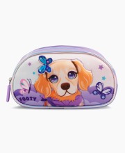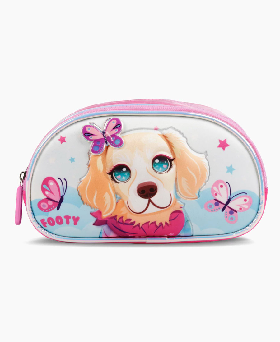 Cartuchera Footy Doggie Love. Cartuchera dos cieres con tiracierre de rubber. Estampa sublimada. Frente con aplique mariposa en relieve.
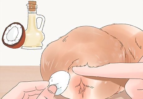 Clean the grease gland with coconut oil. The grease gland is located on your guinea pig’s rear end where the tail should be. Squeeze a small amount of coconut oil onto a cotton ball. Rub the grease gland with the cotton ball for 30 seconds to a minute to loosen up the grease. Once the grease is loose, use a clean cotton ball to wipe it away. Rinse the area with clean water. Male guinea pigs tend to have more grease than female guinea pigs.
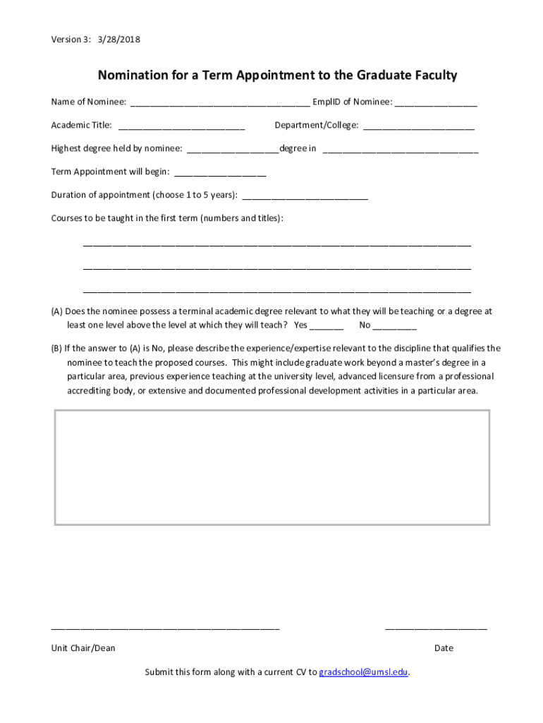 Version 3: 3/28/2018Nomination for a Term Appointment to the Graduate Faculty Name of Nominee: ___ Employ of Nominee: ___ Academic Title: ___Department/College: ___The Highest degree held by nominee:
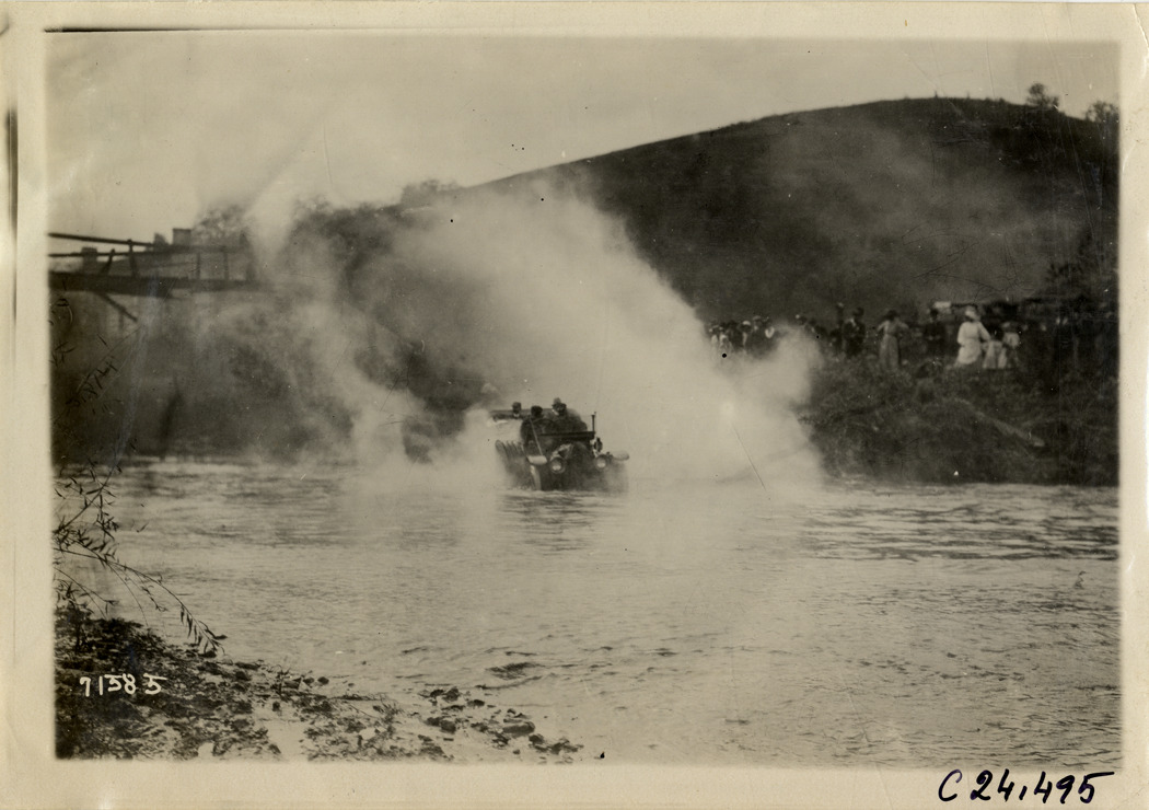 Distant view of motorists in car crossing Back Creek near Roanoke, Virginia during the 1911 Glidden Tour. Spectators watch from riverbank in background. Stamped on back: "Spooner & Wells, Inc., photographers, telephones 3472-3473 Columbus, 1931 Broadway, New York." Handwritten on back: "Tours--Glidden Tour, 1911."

:::::

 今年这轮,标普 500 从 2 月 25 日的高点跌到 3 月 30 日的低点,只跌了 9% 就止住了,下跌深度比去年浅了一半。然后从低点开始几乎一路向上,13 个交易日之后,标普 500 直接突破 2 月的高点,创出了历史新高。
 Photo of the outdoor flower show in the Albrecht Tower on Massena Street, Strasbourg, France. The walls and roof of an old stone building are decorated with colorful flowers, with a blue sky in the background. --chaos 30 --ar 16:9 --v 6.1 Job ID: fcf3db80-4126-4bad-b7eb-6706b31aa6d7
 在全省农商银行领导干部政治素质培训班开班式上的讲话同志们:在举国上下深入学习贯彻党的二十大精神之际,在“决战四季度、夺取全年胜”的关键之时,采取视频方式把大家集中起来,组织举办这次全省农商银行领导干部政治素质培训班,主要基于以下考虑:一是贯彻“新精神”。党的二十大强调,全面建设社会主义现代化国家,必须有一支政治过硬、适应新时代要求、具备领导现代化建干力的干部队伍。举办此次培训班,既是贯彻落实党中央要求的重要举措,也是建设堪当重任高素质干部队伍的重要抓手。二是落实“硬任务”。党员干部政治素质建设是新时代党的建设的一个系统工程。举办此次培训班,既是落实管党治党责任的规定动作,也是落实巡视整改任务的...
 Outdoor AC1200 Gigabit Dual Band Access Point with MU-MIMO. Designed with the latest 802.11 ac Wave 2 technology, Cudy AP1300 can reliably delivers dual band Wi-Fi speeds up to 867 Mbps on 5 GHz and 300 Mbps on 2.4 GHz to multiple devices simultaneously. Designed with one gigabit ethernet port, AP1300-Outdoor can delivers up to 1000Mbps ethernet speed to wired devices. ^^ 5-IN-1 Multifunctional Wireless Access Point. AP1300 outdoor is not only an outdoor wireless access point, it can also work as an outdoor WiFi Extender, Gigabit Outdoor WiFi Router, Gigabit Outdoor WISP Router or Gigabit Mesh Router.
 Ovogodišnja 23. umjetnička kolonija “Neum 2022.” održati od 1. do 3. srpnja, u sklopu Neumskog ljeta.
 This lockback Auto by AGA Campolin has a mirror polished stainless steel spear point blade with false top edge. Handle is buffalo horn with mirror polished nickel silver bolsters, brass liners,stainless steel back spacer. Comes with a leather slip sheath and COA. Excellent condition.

:::::

▸ **Your assignment**
Using the entries above, give again exactly the lines from the line holding "今年这轮,标普 500 从" through the line holding "在全省农商银行领导干部政治素". Include both end lines and nothing else.

▸ **Answer space**
 今年这轮,标普 500 从 2 月 25 日的高点跌到 3 月 30 日的低点,只跌了 9% 就止住了,下跌深度比去年浅了一半。然后从低点开始几乎一路向上,13 个交易日之后,标普 500 直接突破 2 月的高点,创出了历史新高。
 Photo of the outdoor flower show in the Albrecht Tower on Massena Street, Strasbourg, France. The walls and roof of an old stone building are decorated with colorful flowers, with a blue sky in the background. --chaos 30 --ar 16:9 --v 6.1 Job ID: fcf3db80-4126-4bad-b7eb-6706b31aa6d7
 在全省农商银行领导干部政治素质培训班开班式上的讲话同志们:在举国上下深入学习贯彻党的二十大精神之际,在“决战四季度、夺取全年胜”的关键之时,采取视频方式把大家集中起来,组织举办这次全省农商银行领导干部政治素质培训班,主要基于以下考虑:一是贯彻“新精神”。党的二十大强调,全面建设社会主义现代化国家,必须有一支政治过硬、适应新时代要求、具备领导现代化建干力的干部队伍。举办此次培训班,既是贯彻落实党中央要求的重要举措,也是建设堪当重任高素质干部队伍的重要抓手。二是落实“硬任务”。党员干部政治素质建设是新时代党的建设的一个系统工程。举办此次培训班,既是落实管党治党责任的规定动作,也是落实巡视整改任务的...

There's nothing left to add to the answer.